Quote the records exactly, starting at the first line and stopping after the line with "- Erweitern Sie"; skip the pictures.

▸ STUDY MATERIAL
****************************************
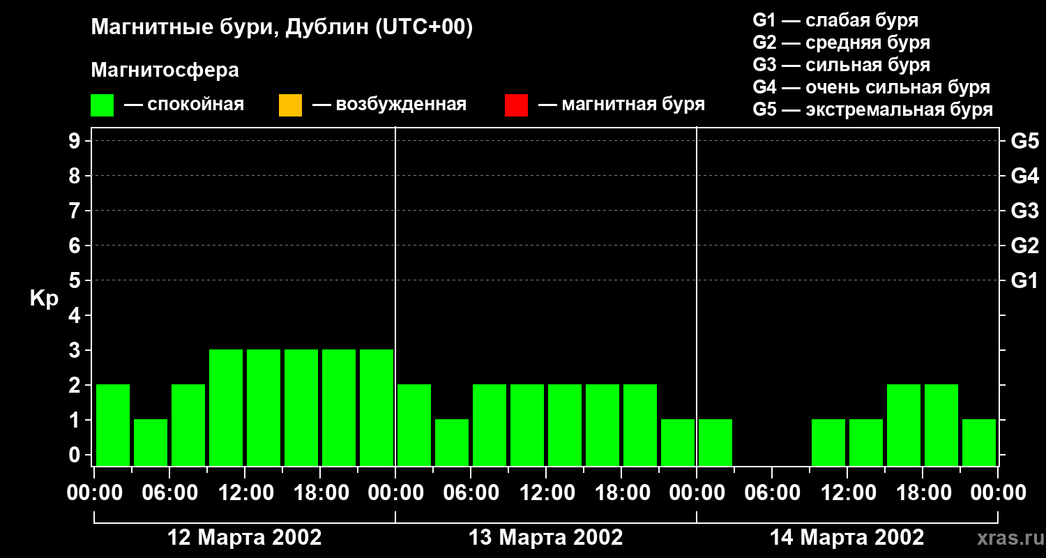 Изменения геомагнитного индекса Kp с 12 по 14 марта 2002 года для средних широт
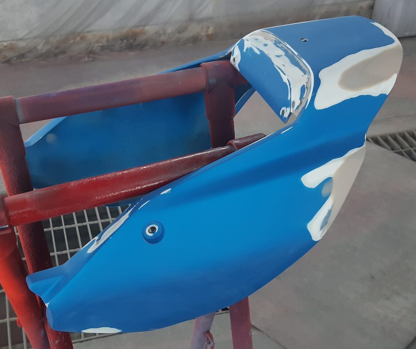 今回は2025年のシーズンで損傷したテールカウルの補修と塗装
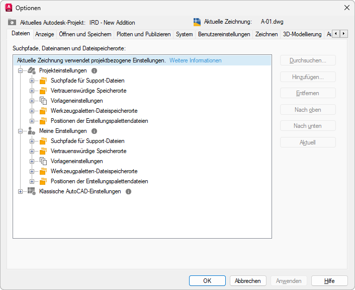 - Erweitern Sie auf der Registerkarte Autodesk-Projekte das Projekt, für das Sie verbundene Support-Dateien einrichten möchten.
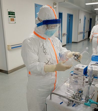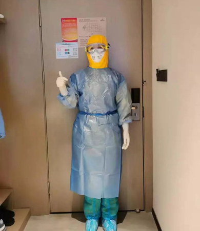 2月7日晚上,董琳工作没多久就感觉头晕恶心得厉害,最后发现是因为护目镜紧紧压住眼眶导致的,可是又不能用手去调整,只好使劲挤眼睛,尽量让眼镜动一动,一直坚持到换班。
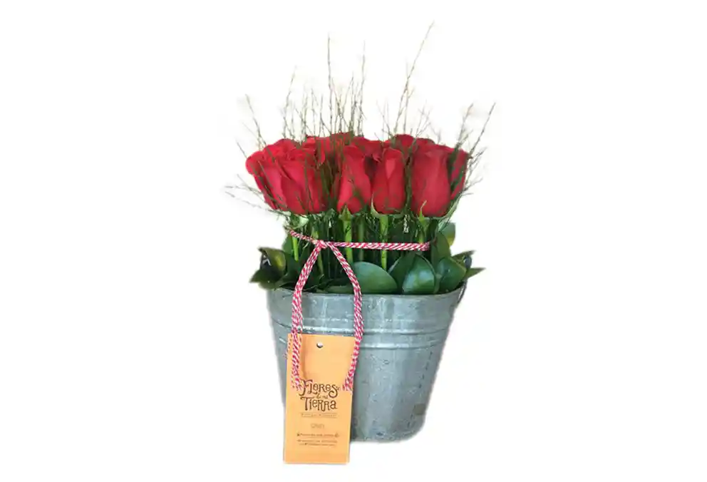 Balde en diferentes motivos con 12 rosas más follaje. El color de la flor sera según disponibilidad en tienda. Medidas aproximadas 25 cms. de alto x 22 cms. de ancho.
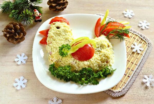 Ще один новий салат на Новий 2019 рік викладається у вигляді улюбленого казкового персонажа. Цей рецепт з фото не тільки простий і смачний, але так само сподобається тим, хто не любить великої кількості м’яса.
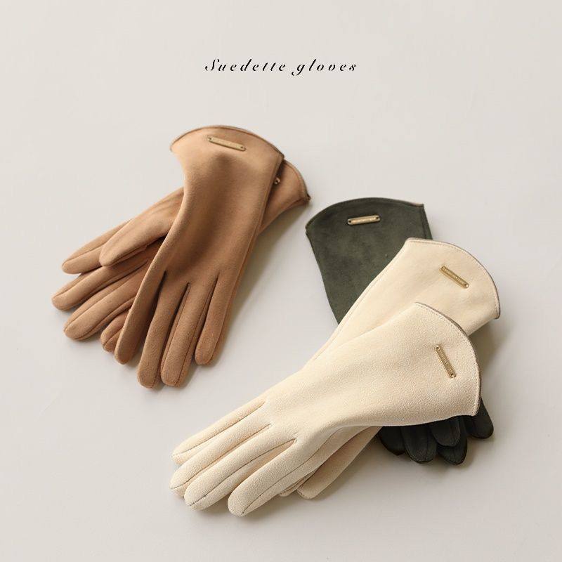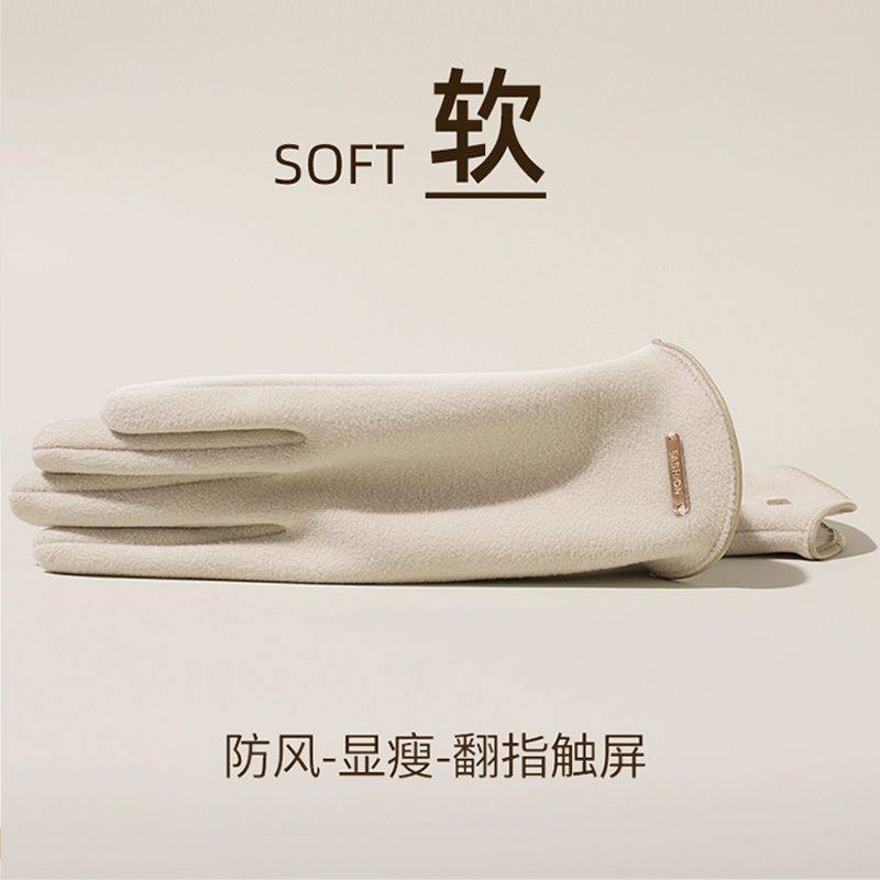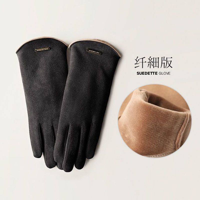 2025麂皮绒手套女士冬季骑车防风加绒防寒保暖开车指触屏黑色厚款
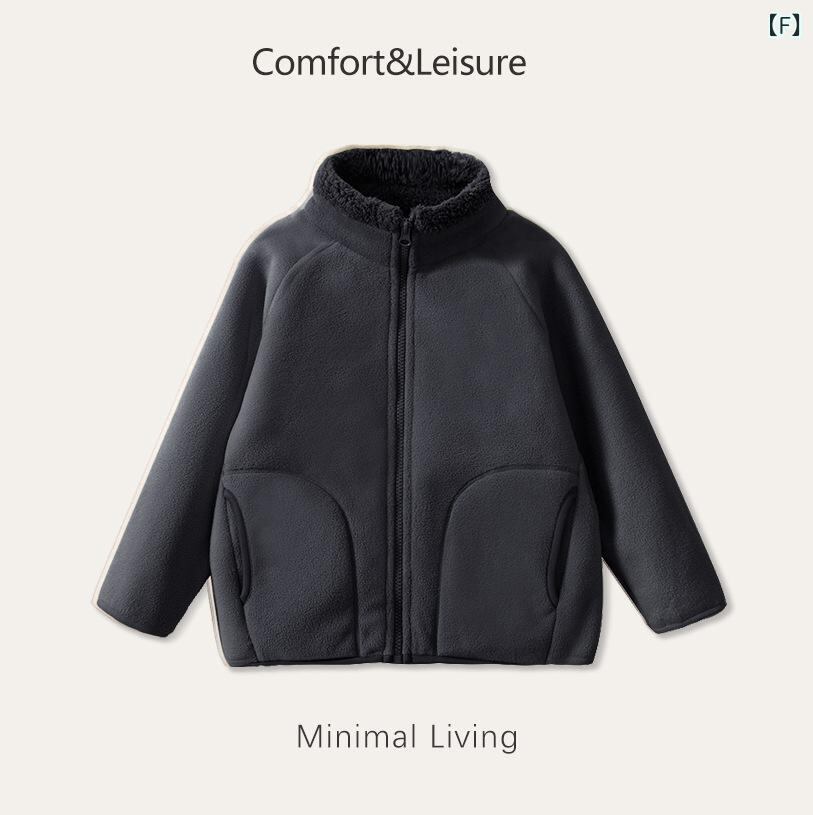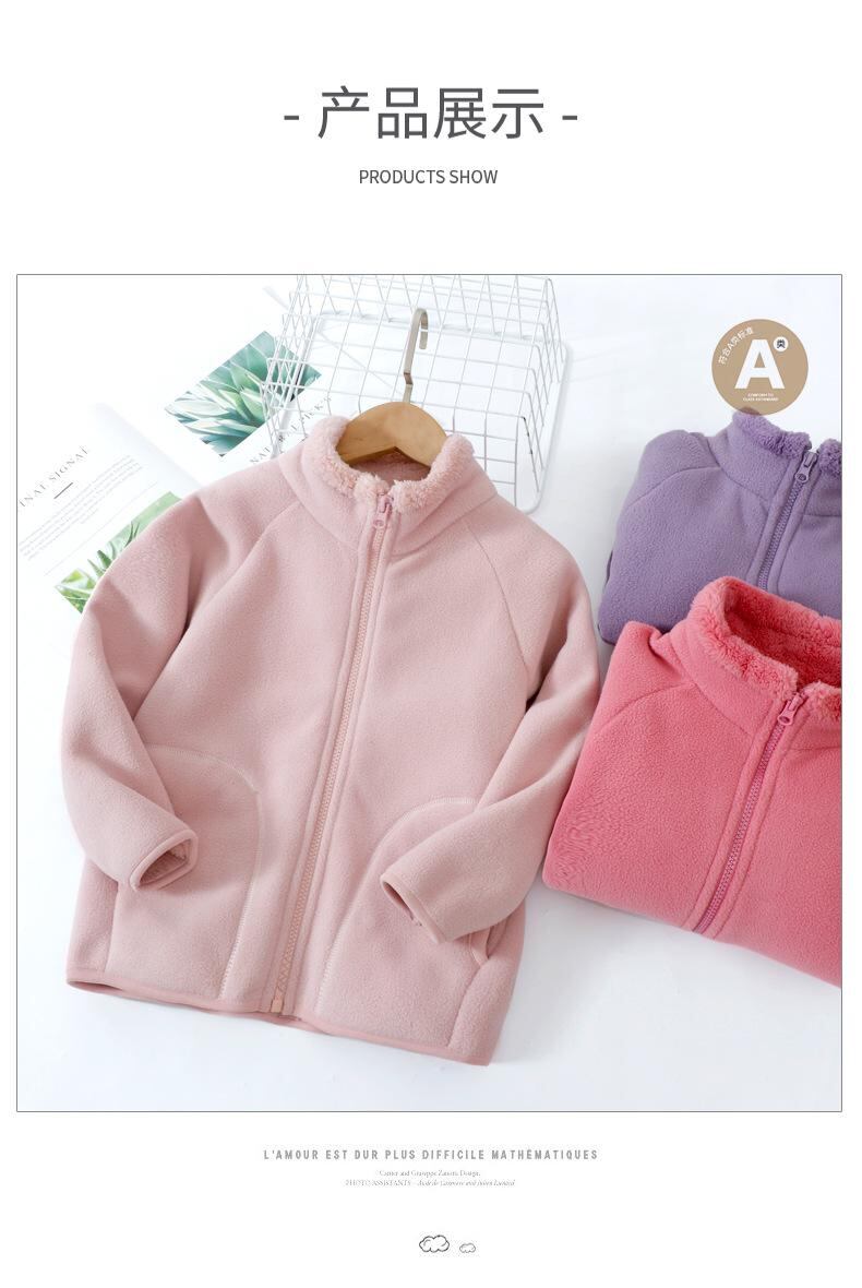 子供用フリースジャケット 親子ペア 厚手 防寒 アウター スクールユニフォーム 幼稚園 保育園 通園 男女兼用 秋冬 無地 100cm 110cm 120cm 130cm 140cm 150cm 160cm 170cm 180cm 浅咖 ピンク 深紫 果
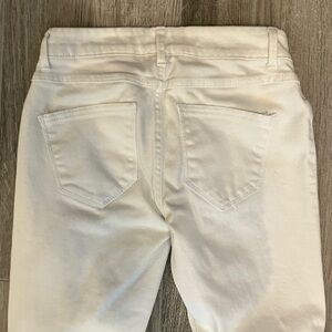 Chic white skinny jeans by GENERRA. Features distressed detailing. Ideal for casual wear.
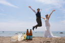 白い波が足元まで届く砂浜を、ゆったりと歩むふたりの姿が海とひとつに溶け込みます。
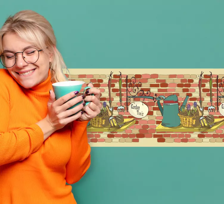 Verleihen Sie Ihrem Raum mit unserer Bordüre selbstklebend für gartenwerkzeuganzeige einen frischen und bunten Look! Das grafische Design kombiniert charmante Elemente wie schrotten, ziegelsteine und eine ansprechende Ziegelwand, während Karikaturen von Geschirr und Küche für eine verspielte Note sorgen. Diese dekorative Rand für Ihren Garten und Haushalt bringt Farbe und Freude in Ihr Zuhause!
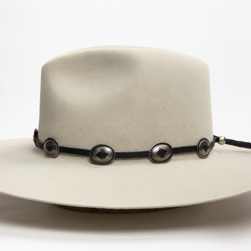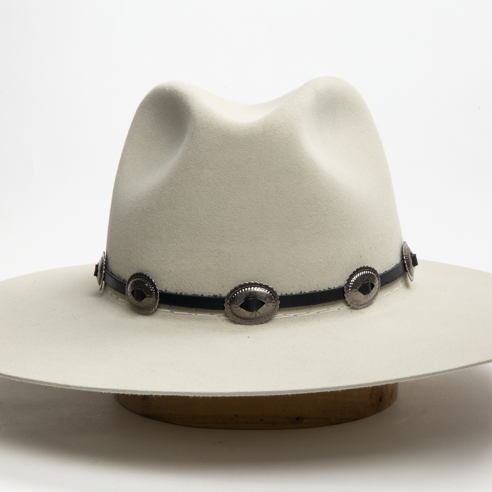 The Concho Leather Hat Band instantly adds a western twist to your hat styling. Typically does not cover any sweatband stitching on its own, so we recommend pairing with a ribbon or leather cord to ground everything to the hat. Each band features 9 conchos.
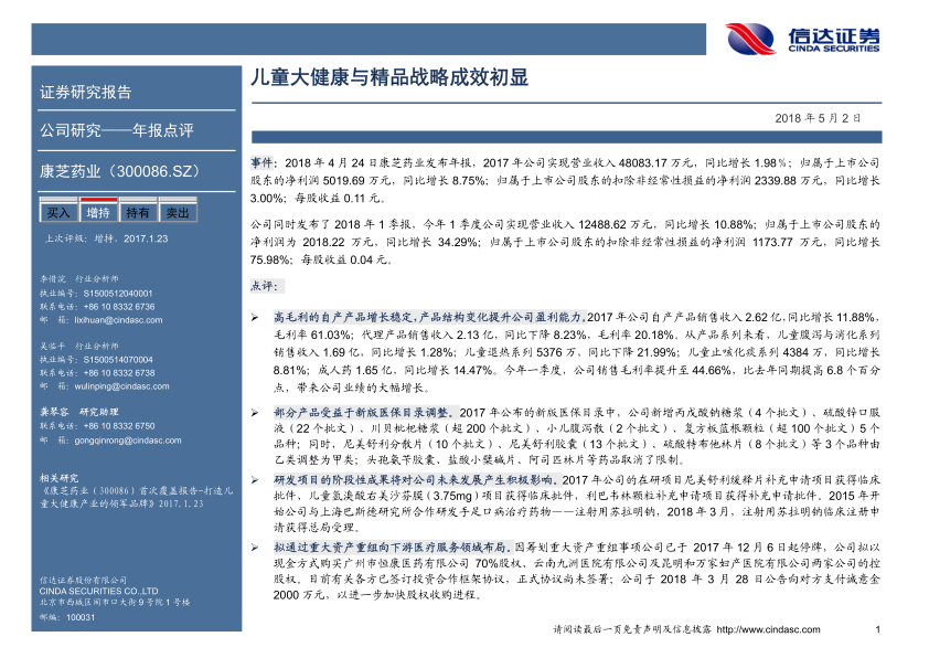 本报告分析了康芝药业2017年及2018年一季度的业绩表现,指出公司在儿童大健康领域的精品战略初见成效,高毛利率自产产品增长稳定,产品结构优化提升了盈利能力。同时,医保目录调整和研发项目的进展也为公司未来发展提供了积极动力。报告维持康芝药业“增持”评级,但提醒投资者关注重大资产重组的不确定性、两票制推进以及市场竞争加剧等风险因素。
****************************************
▸ WRITTEN ANSWER
 Изменения геомагнитного индекса Kp с 12 по 14 марта 2002 года для средних широт
 今回は2025年のシーズンで損傷したテールカウルの補修と塗装
 - Erweitern Sie auf der Registerkarte Autodesk-Projekte das Projekt, für das Sie verbundene Support-Dateien einrichten möchten.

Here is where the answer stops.